Баглос вынул из сумки дневник Автора и уселся рядом со мной. Он сказал, что хочет изучить записи внимательнее, надеясь найти что-нибудь, упущенное раньше. Он несколько раз пролистал книгу своими маленькими ручками.
— Скажи мне, женщина, что случилось с Изгнанниками? Ты так мало рассказала о них. Только то, что их преследовали и уничтожали. Может быть, если бы я знал больше, я смог бы лучше понять эти записи. Не расскажешь ли мне о своем муже? — Его миндалевидные глаза блестели в догорающем свете. Он был готов изучать жизнь Кейрона, как изучал карты в кабинете Ферранта.
Нет причин отказывать дульсе в просьбе рассказать историю Кейрона, поделиться воспоминаниями о прошлом, которое ожило перед моим внутренним взором с тех пор, как Д'Натель вторгся в мою жизнь. Я подняла длинную палку и помешала угли в костре, с трудом открывая скрипучую дверь воспоминаний и оглядываясь назад. Но в животе поселилась тупая боль, быстро поднявшаяся к сердцу. Даже мое недавно обретенное понимание-допущение, что можно пожертвовать личным во имя высокой цели, не могло облегчить ее. Костер взметнулся, выплюнув искры в ночной воздух. Ощутив приступ дурноты, я отбросила палку и повернулась спиной к огню.

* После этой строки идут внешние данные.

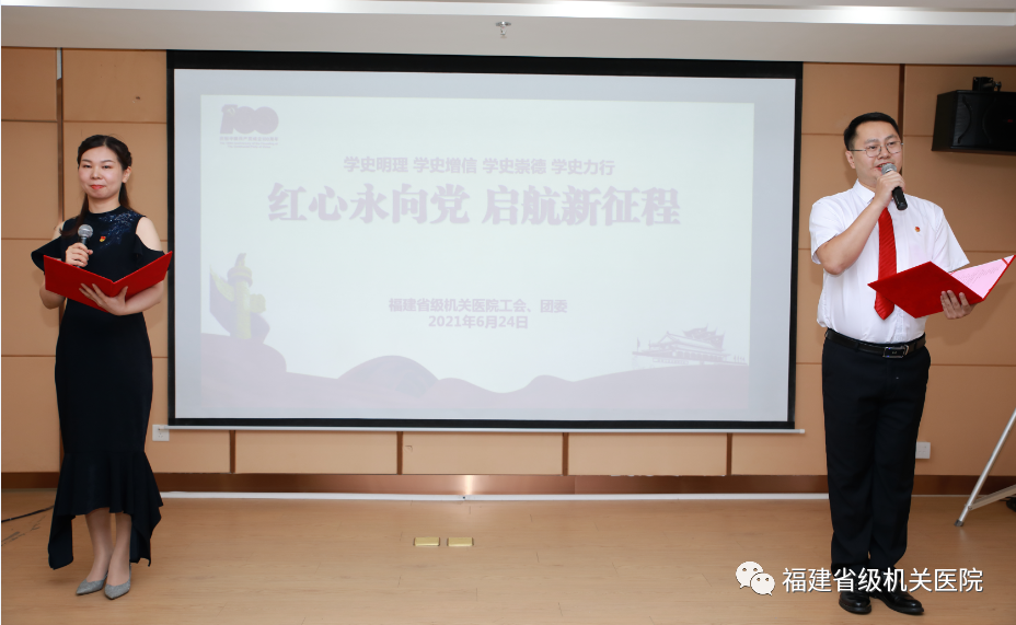 为庆祝中国共产党成立100周年,推动党史学习教育不断走深走实,6月24日,国产自拍av工会、团委联合开展以“红心永向党·启航新征程”为主题的诵读比赛在口腔中心会议室举行。来自各临床、医技和职能科室的16组选手参赛。比赛特邀省卫健委直属机关党委调研员、工会副主席刘磊、团委书记卢铭凤,国产自拍av党委副书记、工会主席黄纯、纪委书记黄欣及党群办副主任张文清等出席活动并担任评委。

— Нет, Баглос. Не сегодня. — Никогда. Некоторые вещи слишком трудны. Я снова захлопнула дверь.
Уже смеркалось, когда трое молодых охотников в бархатных камзолах с широкими рукавами, отделанными шелковыми лентами, промчались по дороге к мосту. С громкими понуканиями и криками они затормозили на нашей полянке, кружа на своих горячих конях.
— Эй, женщина, — прокричал один молодой человек в берете с орлиным пером. — Скажи нам, где тут ближайшая таверна. Мы жаждем, как пустыня.
— Как пустыня летом, — подхватил второй.
— Как пустыня в летний полдень, — завершил третий, отчего первые двое разразились хохотом, явно довольные проявленным остроумием.
— Итак, женщина, говори, — приказал человек с пером, его гарцующая лошадь наступала на нас с Баглосом.
— Сразу за мостом есть подходящая таверна, — ответила я. — И еще четыре находятся между рекой и дорогой на Монтевиаль, вам не придется ехать дальше, изнемогая от жажды.
Двое молодых дворян рванулись вперед, хрипло улюлюкая, а человек с пером задержался.
— Кажется, ты не выказываешь нам должного уважения, женщина. Я не слышу нужных слов, не вижу смирения перед вышестоящими.
Быстро и неловко я преклонила колени и опустила глаза на измятую траву.
— Прошу прощения, ваша честь. Я не очень хорошо вижу в темноте.
Всадник надвинулся на меня вместе с конем, я ощутила горячее дыхание животного, а человек поднял мой подбородок рукоятью хлыста. Длинный прямой нос, полные губы, скошенный подбородок, я помнила этот тип молодых аристократов, с такими людьми следует проявлять осторожность.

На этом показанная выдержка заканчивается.